*** Opening of Given information ***

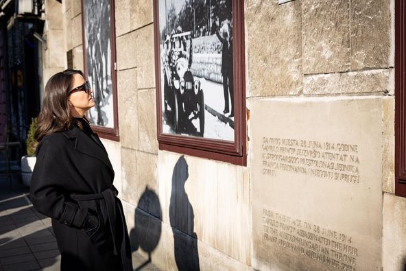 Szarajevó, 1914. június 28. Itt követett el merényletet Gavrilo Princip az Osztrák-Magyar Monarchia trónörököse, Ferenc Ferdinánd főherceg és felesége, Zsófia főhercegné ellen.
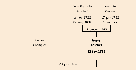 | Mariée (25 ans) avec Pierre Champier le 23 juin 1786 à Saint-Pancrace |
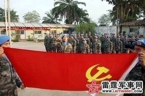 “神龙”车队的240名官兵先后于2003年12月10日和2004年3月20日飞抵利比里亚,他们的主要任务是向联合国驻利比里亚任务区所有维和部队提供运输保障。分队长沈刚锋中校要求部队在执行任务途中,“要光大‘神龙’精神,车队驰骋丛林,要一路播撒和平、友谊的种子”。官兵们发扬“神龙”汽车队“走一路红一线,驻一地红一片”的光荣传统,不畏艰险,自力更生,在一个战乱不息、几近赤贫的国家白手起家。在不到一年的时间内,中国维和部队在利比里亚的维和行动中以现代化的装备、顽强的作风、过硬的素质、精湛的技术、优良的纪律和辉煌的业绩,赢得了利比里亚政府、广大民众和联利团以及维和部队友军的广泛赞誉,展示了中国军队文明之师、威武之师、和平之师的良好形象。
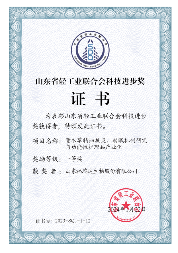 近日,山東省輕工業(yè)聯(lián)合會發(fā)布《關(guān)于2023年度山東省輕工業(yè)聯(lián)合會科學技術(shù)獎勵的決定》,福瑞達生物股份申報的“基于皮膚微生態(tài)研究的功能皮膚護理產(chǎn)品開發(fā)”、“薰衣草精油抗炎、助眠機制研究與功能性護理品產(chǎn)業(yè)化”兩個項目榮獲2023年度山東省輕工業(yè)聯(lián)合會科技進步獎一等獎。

*** Close of Given information ***

## Work to complete
Without the pictures, write out the entire listing exactly.

## Output of the task
 Szarajevó, 1914. június 28. Itt követett el merényletet Gavrilo Princip az Osztrák-Magyar Monarchia trónörököse, Ferenc Ferdinánd főherceg és felesége, Zsófia főhercegné ellen.
 | Mariée (25 ans) avec Pierre Champier le 23 juin 1786 à Saint-Pancrace |
 “神龙”车队的240名官兵先后于2003年12月10日和2004年3月20日飞抵利比里亚,他们的主要任务是向联合国驻利比里亚任务区所有维和部队提供运输保障。分队长沈刚锋中校要求部队在执行任务途中,“要光大‘神龙’精神,车队驰骋丛林,要一路播撒和平、友谊的种子”。官兵们发扬“神龙”汽车队“走一路红一线,驻一地红一片”的光荣传统,不畏艰险,自力更生,在一个战乱不息、几近赤贫的国家白手起家。在不到一年的时间内,中国维和部队在利比里亚的维和行动中以现代化的装备、顽强的作风、过硬的素质、精湛的技术、优良的纪律和辉煌的业绩,赢得了利比里亚政府、广大民众和联利团以及维和部队友军的广泛赞誉,展示了中国军队文明之师、威武之师、和平之师的良好形象。
 近日,山東省輕工業(yè)聯(lián)合會發(fā)布《關(guān)于2023年度山東省輕工業(yè)聯(lián)合會科學技術(shù)獎勵的決定》,福瑞達生物股份申報的“基于皮膚微生態(tài)研究的功能皮膚護理產(chǎn)品開發(fā)”、“薰衣草精油抗炎、助眠機制研究與功能性護理品產(chǎn)業(yè)化”兩個項目榮獲2023年度山東省輕工業(yè)聯(lián)合會科技進步獎一等獎。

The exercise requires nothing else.